The highly frustrating side of chess engine development.

@nutnun said in #20:
Pretty simple. Have a look: github.com/likeawizard/tofiks/blob/master/pkg/evaluation/evaluation.go#L99

I just save Zobrist hashes of all previous positions. Then I check if the current position hash has appeared anywhere in the past within the half move counter - it can't be past that because that involves captures and pawn pushes which by definition can not repeat a position.

TheKnightIsDark

#22

@likeawizard I'm really not an expert so take everything I say as genuine questions instead of criticism.
But I've looked at the code on github and I'm a bit confused about your move ordering:
Afaik you'd normally order all captures before all quiet moves, but you seem to order all captures after all quie moves because the MVV/LVA scores are so low. Is this intentional? The same goes for killers vs history, I don't think there's a fixed order between them in your code (usually you'd order killers first I think). I don't really know go all that well, so maybe I just don't understand what happens in `GetMoveSelector`.
Also, what's the difference between the pv move and the hash move? Shouldn't the tt already contain the pv move?

likeawizard

#23

@TheKnightIsDark you're absolutely right on the move ordering. I will double check everything tomorrow but it seems while refactoring the capScore constant got lost in the mvv--lva part. That's a big yikes if true.

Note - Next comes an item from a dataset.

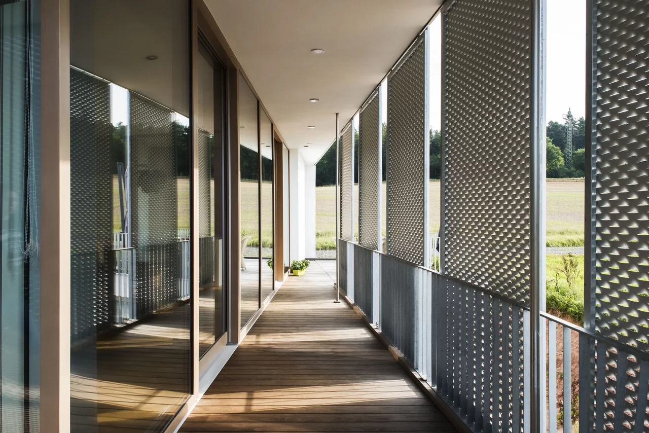 Moderne Schiebeläden aus Streckmetall als Sonnen- und Sichtschutz

In the hash move vs pv. They would be the same most of the time but I always had issues with my trainsposition table. But things can get over written in the tt so I thought adding the pv line was a good safe guard. Especially since I am planning to add lazy smp - more threads might write to the tt and less predictability.

dboing

edited

#24

Can you explain where you lose predictability and what it means. for maybe the user audience. or in between dev and general chess audience? and myself. I have heard instability somewhere else.. reliable too. about PVs.

What is your take on PV depth and those notions. and what is your intent in terms of ability to use your code for those of us, who wouuld like to use it to analyss a position, not so much use it only for play, or watch it do self-play? i.e. we would like to have an analysis like the engine does, but forgets as it was built for gaming first, in other engines I mean. yours is evolving, have you adopted the same imperative of forgetfulness, or are you maintaining ways to recover the PVs that were used to generate the score one might see if using your engine for anaylsis of a position? so we as analytical users of chess positions, could get the full programmed picture.. and have our grain of salt autonomy of thinking about the the score and best chosen move..

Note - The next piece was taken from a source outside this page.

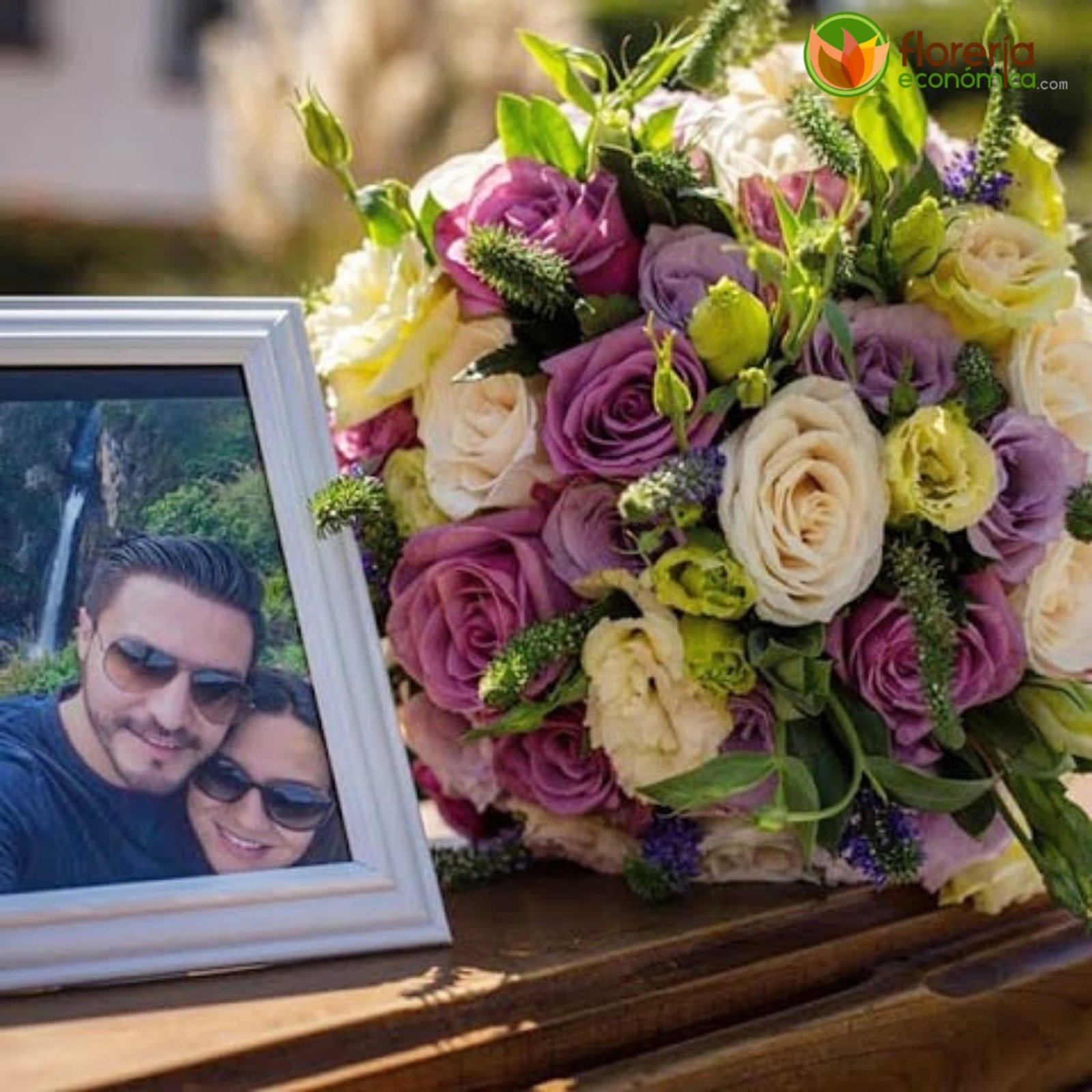 Ramo de novia con rosas color ivory, lisianthus lila y blanco y veronicas moradas. Te lo enviamos el día de tu boda a tu casa con costo adicional.

Not only using the tool as oracle, not questions dared to be even considered, about possible programmed biases that could be understood or learned to be from having both score, move and full PV... specially the part of PV where the score value comes from (possibly normalized nowadays in SF for example).-

What are your thought on that branch of engine development toward engine as analytical helpers. Are there was to stimulate developper creativity in that direction.

Do you agree that it might conflict with the current set of objectives (ELO in some kind of near mutant self play, maybe, we don't know really, how different those engine pool players are from each other)

any idea on how to stimulate them in the direction of calibration of the engines as analytical tools. that their response surfaces might be studied and allow users with documentation to that effect, would then have a confidence level to associate to the output.. so they might want to keep thinking as humans on top of that then more objective tool, since we would have quantified its behavior, and shared it with the users.

some of us are curious about the chess impact of engine analysis never having been analysed itself (or if there were such thing, not shared outside dev circles, or not with proper data analsyis precautions, so they might not be shareable outside).

dboing

edited

#25

www.talkchess.com/forum3/viewtopic.php?t=40931
repetition detectoin. while i was visiting for something else..

Edit: might need the op's talent for explaining in less "shop-talk" parlance.. so we can all thing concepts more than code. (while such concepts have been honed to me amenable to automatic behavior, for coding to make sense, they can help us think about chess and the code effect on chess too, at a level where coding fluency is not a barrier).

why I was applauding this blog author efforts, which i found unique, in that it is on lichess, with a general chess audience (at least it could), and the journalling humility of being a learner and sharing that with us.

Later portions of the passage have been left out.